Maximizing resources, speed of passage, and minimizing costs are crucial when facing a crisis. With optimal routes and fully functioning vehicles strategically loaded for efficient drop-offs along the way, businesses can utilize every asset and driver time at full capacity. 

However, what happens when companies don’t open-source their logistics data, and all businesses plan to take the same route?

3. Connecting Companies From Multiple Supply Chains

Businesses that streamline their logistics are ahead of the game. But imagine if they could stay in the loop with other companies in the ecosystem too? When all companies are aware of the ships going out, planes in flight, and roads in congestion, they get a whole new leap of future insight into potential traffic jams and routes available to prioritize and plan. 

There is no more critical time to work together than during a war. Nonetheless, If one system sends data in meters and the other in feet, the time taken to convert information can delay deliveries further. When your data analysts spend 90% of their effort cleaning out data so that it talks to other bits of data, only 10% of the time drives the total value out of the information.

The Digital Container Shipping Association (DCSA) transforms the shipping industry by setting data standards across all aspects, from the bill of lading to gateway connectivity interfaces and bay plans. The goal is to enable global, industry-wide interoperability, minimize port congestion, and improve efficiencies in line with sustainable practices. When logistics providers follow these, they can join forces with new suppliers and networks more efficiently. 

For example, you produce flour in Turkey, have a delivery network, and your usual supply of wheat from Ukraine is unavailable. You have the option to purchase from Ireland, but you need new carriers to transport the goods part of the way. By following the same data standards, you can easily integrate platforms, share quantities, bid drivers, and communicate updates proficiently. 

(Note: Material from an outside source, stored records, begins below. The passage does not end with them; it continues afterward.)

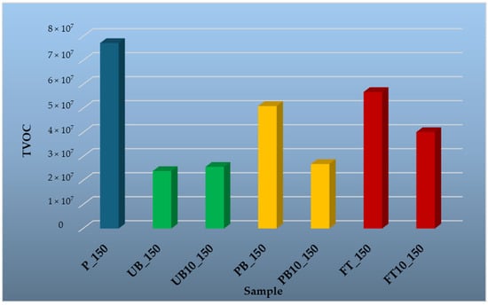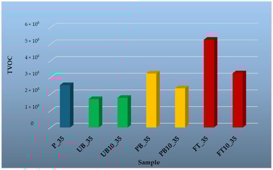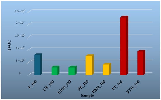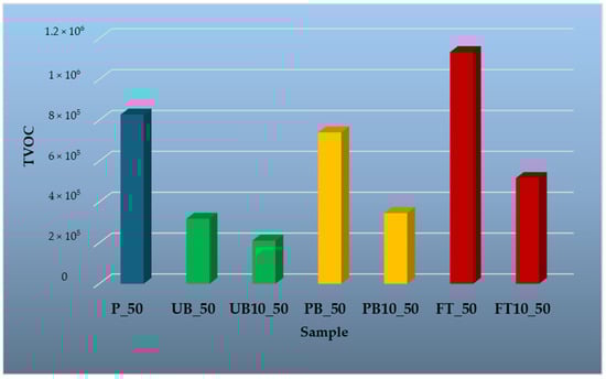 In this study, VOC emissions were analyzed from various materials relevant to composite production, three types of automotive plastics (fuel tanks, painted bumpers, and unpainted bumpers), a reference particleboard and wood–plastic composites containing 10% of these plastics in the core layer. Each sample type was analyzed once under each test condition. For better clarity, the abbreviations of the materials used are explained in Table 3.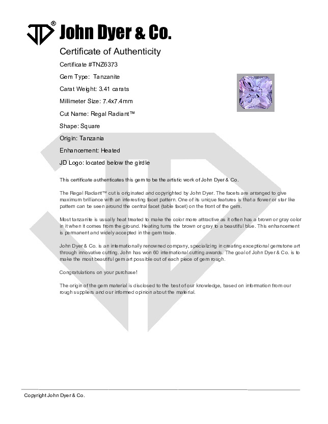 This 3.41-carat Tanzanite gemstone features the Regal Radiant™ cut.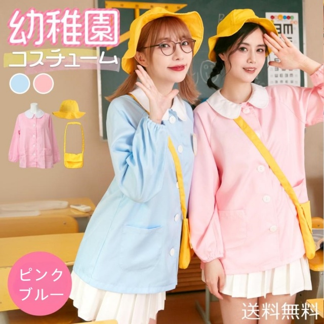 ハロウィン コスプレ 幼稚園 幼稚園児 衣装 仮装 定番 大人 セット フルセット レトロ ワッペン カバン 鞄 帽子 付き スモッグ ペア おそろい 幼稚園コス FKR送料無料

And when handling large volumes of data, AI platforms that can read all the required information at once are what will make collaborative processes manageable.

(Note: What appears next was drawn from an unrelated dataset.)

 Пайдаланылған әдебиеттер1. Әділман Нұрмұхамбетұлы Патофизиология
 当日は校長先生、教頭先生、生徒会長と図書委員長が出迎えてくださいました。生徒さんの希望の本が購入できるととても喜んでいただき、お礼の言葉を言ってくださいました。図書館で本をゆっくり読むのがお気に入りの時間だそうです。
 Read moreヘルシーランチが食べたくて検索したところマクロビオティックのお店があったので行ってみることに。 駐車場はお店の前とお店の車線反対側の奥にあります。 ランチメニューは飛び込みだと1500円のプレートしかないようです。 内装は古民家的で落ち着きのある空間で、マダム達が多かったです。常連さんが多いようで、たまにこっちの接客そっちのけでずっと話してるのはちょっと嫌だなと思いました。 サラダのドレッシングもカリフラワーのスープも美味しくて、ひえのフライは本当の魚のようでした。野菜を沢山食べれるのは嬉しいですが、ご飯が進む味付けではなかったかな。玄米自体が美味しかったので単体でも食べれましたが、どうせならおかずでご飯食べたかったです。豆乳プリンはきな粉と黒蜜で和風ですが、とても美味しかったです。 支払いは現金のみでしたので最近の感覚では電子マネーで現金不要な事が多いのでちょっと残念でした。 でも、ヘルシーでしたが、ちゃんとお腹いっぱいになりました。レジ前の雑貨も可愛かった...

The Future: Localization and Collaboration

Teaming up with your trusted partners and new suppliers to source items nearer to home, reduce carbon footprint, fuel required, and the subsequent cost savings are clear. Collaboration to protect human rights and prevent environmental abuse requires structured governance.

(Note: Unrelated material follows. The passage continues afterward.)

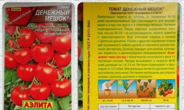머니백은 일찍 익고 생산성이 높은 토마토 품종으로, 온실이나 노지 재배에 적합합니다. 최대 1.8m 높이까지 자라는 이 토마토 덤불은 지지대와 꼬집기가 필요합니다. 토마토를 1~2줄기씩 심으면 수확량이 가장 좋습니다. 열매는 15개씩 송이로 익습니다.
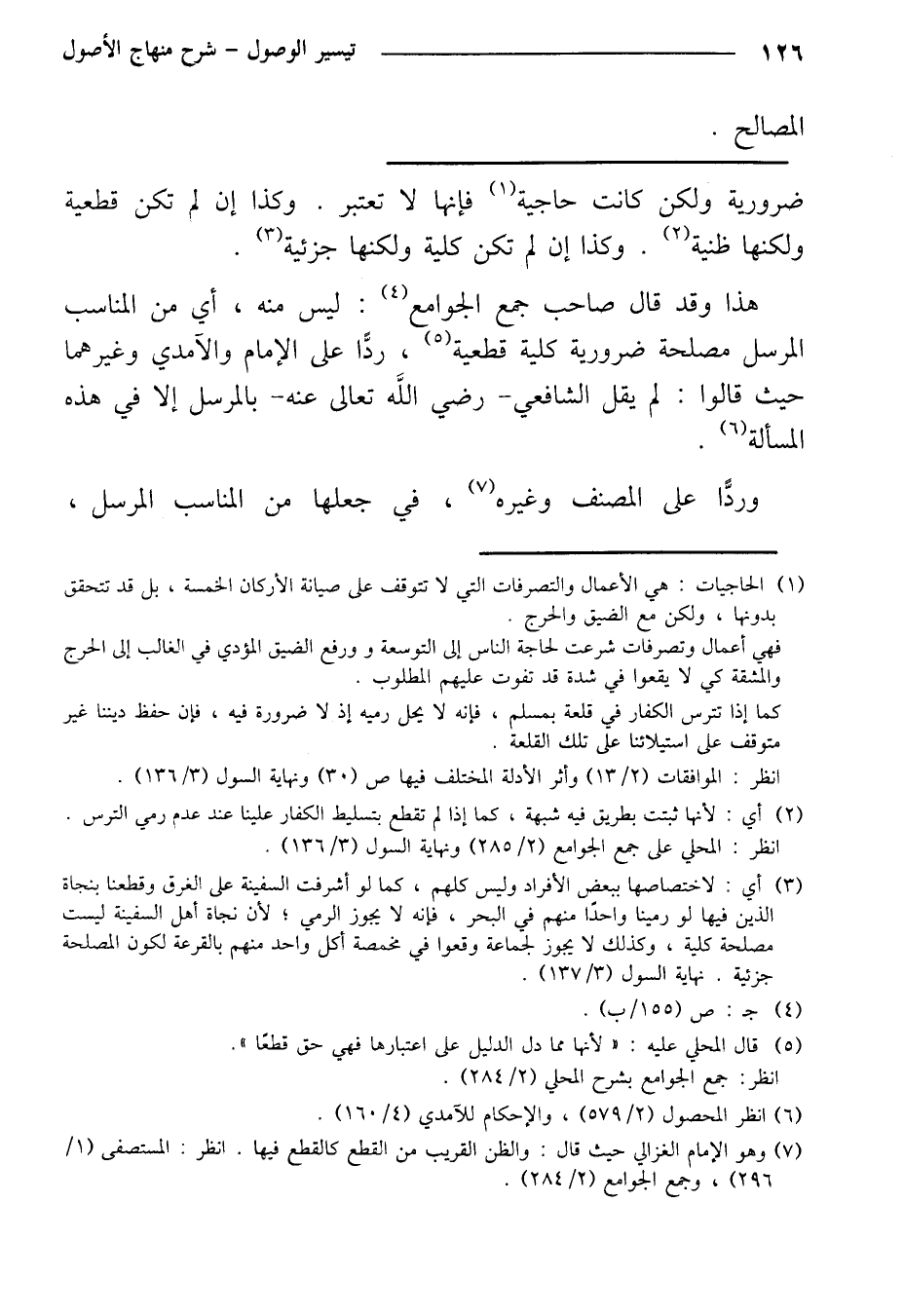 هذا وقد قال صاحب جمع الجوامع: ليس منه، أي من المناسب المرسل مصلحة ضرورية كلية قطعية، رداً على الإمام والآمدي وغيرهما حيث قالوا: لم يقل الشافعي -رضي الله تعالي عنه- بالمرسل إلا في هذه المسألة.

The EU Commission is drafting a law that requires all companies with over 500 employees and a turnover of €150 million to carry out due diligence across their business operations. While the legislation only applies to less than 0.2% of EU companies, the process will require investigation into entire supply chains – covering the smaller third parties in collaboration. The goal is to bring a united front to prevent human rights and environmental abuses, paying particular attention to agriculture and fashion, where the risk of exploitation is traditionally high.

For operations to run at optimal efficiency to combat the conflict’s rising fuel costs and large sums of volatile data to manage, integrated platforms with real-time data visibility are essential. Companies with AI systems in place will be prepared with transparent data and can expect smoother, cost-efficient due diligence processes with reduced risk of fines and auditing fees. 

Cost reduction and increasing the sustainability of supply chains are at the advantage of all businesses. Efficient use of assets, capacity, and workers and optimized routes with strategically planned maintenance and drop-off points drive value. When suppliers and shipping providers start collaborating, they save costs further and can improve their united agility in the face of disruption. Swapping suppliers and moving locally to overcome sanctions is made even easier if companies are working as a connected continent with integrated supply chains. This is the future.